Señales

Mañana de vacaciones en el patio trasero de mi casa. Década del setenta, mis ¿siete? ¿ocho años?

El puestito tenía una mesita de luz secuestrada del dormitorio y un cartel de hoja de cuaderno que decía CARNICERÍA.

Mamá, desde la cocina, oteaba todo. Había prestado un mantel, delantal —que casi me llegaba a los pies — y mercadería. Por las patas de la mesa subían algunas hormigas, en un intento de conseguir víveres o de molestar nomás como legítimas dueñas del jardín.

La balanza tenía un plato y como en un salto cuántico, unos números exactos que solo veía la carnicera.

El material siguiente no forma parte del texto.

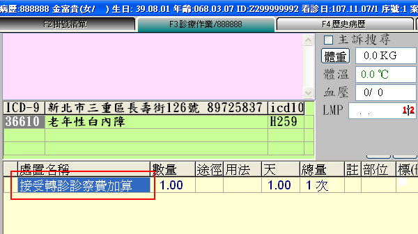 於「F3診療作業」處置內容鍵入申報「01038C」接受轉診門診診察費加算代碼,再按下「vF9」
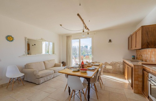 inside, the house consists of a bright and comfortable well-equipped kitchen, a hallway divides the two double bedrooms and the bathroom with shower. Equipped with air conditioning in every room, TV, wi-fi, washing machine. It can accommodate up to 4 people.
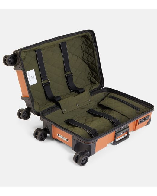 Materiale: plastica (riciclata). Rivestimento: tessuto. Made in UK. Colore del designer: Copper. Inserto: alluminio. Colore del metallo: nero, argento. Chiusura: cerniera superiore a doppio cursore, lucchetto integrato TSA a 3 cifre. Manico telescopico regolabile, Manico. Interno: due scomparti.
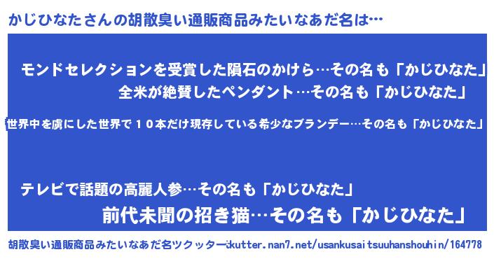 | 意味不明あだ名 | 『住所不定無職かじひなた(79歳)』 |
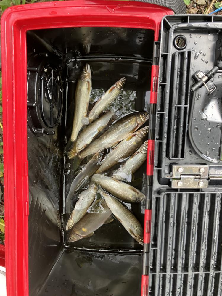 昨日は大入りだったと人気のポイントに朝一入川しましたが釣れても20㌢未満。20㌢越えは2匹だけ
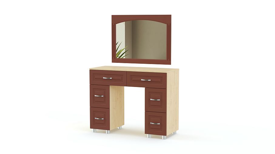 Туалетный стол Элизабет 3 BMS поможет вам разместить под рукой все необходимые уходовые средства и аксессуары. Двухтумбовая модель оборудована широкой столешницей, двумя большими и четырьмя малыми выдвижными ящиками, а дополняет композицию навесное зеркало в раме. Столик выполнен в теплых терракотовых тонах и декорирован по фасаду рамочной фрезеровкой. Купить туалетный стол Элизабет 3 BMS вы сможете на сайте нашего интернет-магазина.
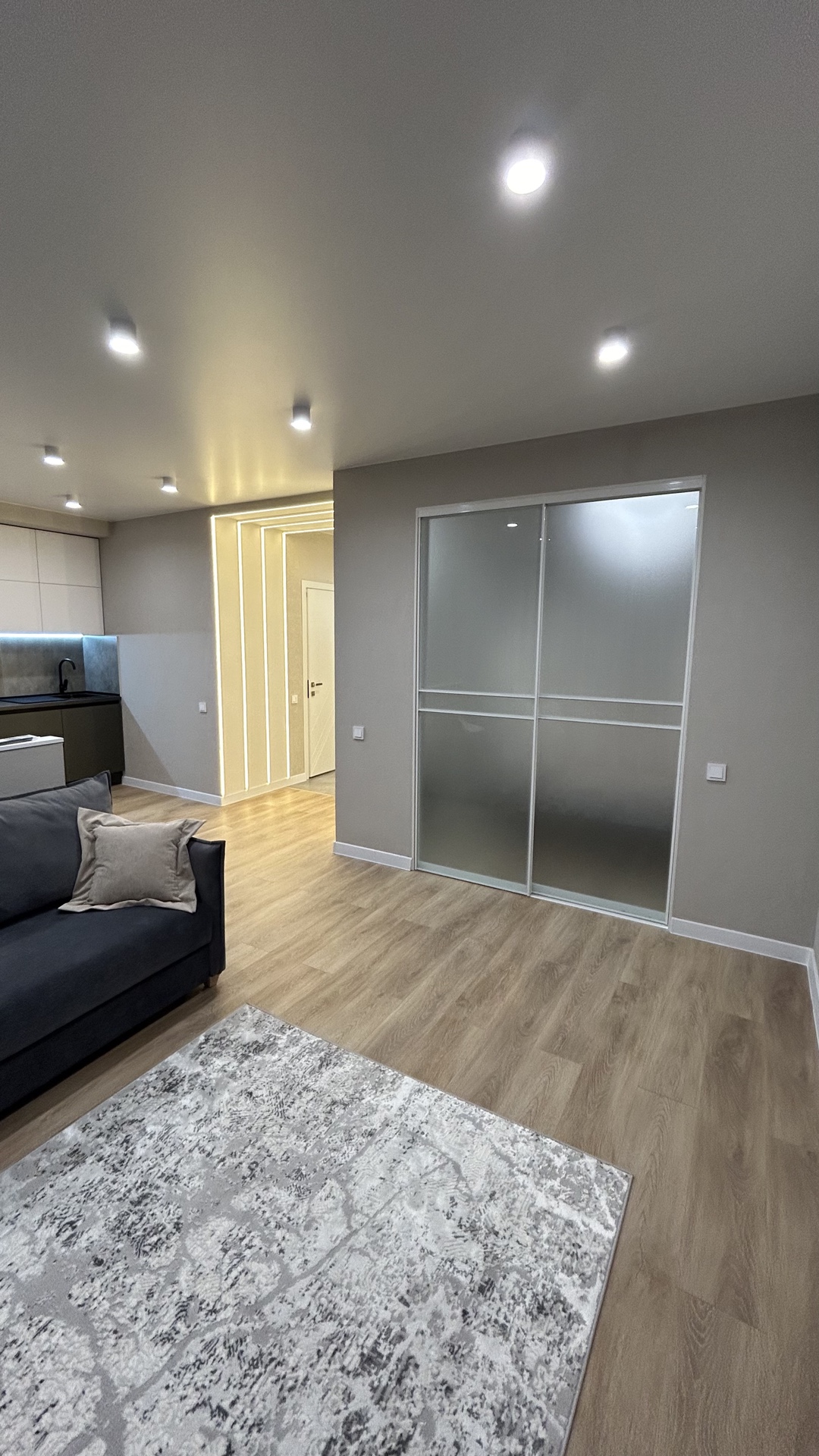 Планировка: объединённая гостиная-кухня с выходом на лоджию с панорамным остеклением, выделенная зона спальни, совмещённый санузел.
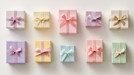 A charming assortment of pastel gift boxes tied with ribbons set against a soft background, perfect for showcasing celebrations, events, or special occasions.
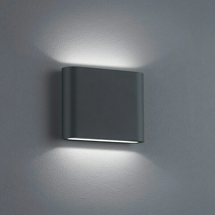 Die Wandleuchte THAMES II von Trio Leuchten zaubert tolle Lichtakzente an Ihre Hausfassade. Die moderne up and down Beleuchtung sorgt für eine effektvolle Lichtstimmung im Innen- und Außenbereich. Im Wohnraum kommt sie vor allem als zeitgemäße Beleuchtung von Fluren und Dielen oder als schöne Designakzent zur Geltung. Ganz gleich für welchen Zweck Sie Ihre Wandleuchte benötigen – ob Sie auf der Suche nach Wandleuchten zur Fassadenbeleuchtung im Eingangsbereich oder auf der Terrasse sind oder nach einer modernen Alternative für eine stimmungsvolle Beleuchtung im Wohnraum sind, all diesen Ansprüchen wird die 11,5 cm breite Wandleuchte mit IP54 Schutz in jeder Hinsicht gerecht. Das anthrazitfarbene Design sorgt für ein schlichtes und zeitloses Erscheinungsbild. Darüber hinaus verfügt die Leuchte über eine moderne LED Technologie, die sich durch eine hohe Lichtqualität und Energieeffizienz auszeichnet. Im Vergleich zu herkömmlichen Halogen Leuchtmitteln lassen sich bis zu 80% der Energiekosten sparen. Zusätzlich haben LED Lichtquellen eine lange Lebensdauer, produzieren weniger Wärme und schonen die Umwelt.
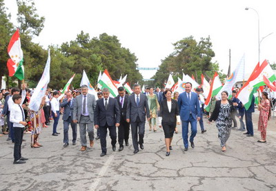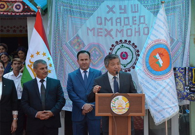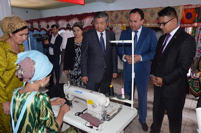 2018年5月16日,驻塔吉克斯坦大使岳斌赴塔哈特隆州古绍尼约恩区出席由使馆捐赠成立的妇女缝纫培训中心成立仪式。塔人民民主党副主席波波忠尼约恩、人民民主党哈特隆州主席拉赫蒙佐达、古绍尼约恩区区长贾法尔以及当地各界群众代表近千人参加。
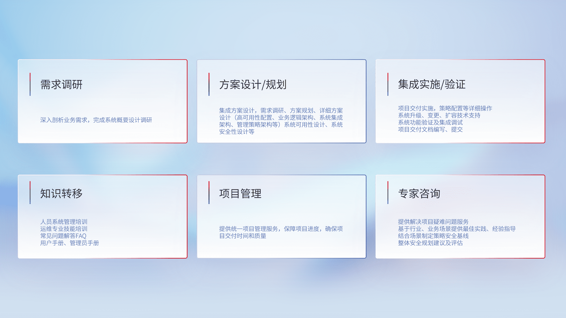针对客户行业特性,,,将宏观的安全战略和需求,,,通过专业的交付服务,,,实现项目落地,,,,为客户提供标准规范的集成交付服务。。

¿Clientes? Llegaban por la puerta de la imaginación. Damas y caballeros, algunos pedían bifes, otros regateaban el precio.

El cuchillo sin filo — regalo de los Reyes Magos — complicaba los cortes, pero no quedaba otra opción.

Y en complicidad el sol del verano barnizando los trozos de calabaza como si por jugosa gustara más la carne y resultara “muy tierna, señora”.

Veinte años pasaron y un día me hice vegetariana. ¿Señales del universo? ¿Guiños del destino? Quizá, tal vez, vaya uno a saber.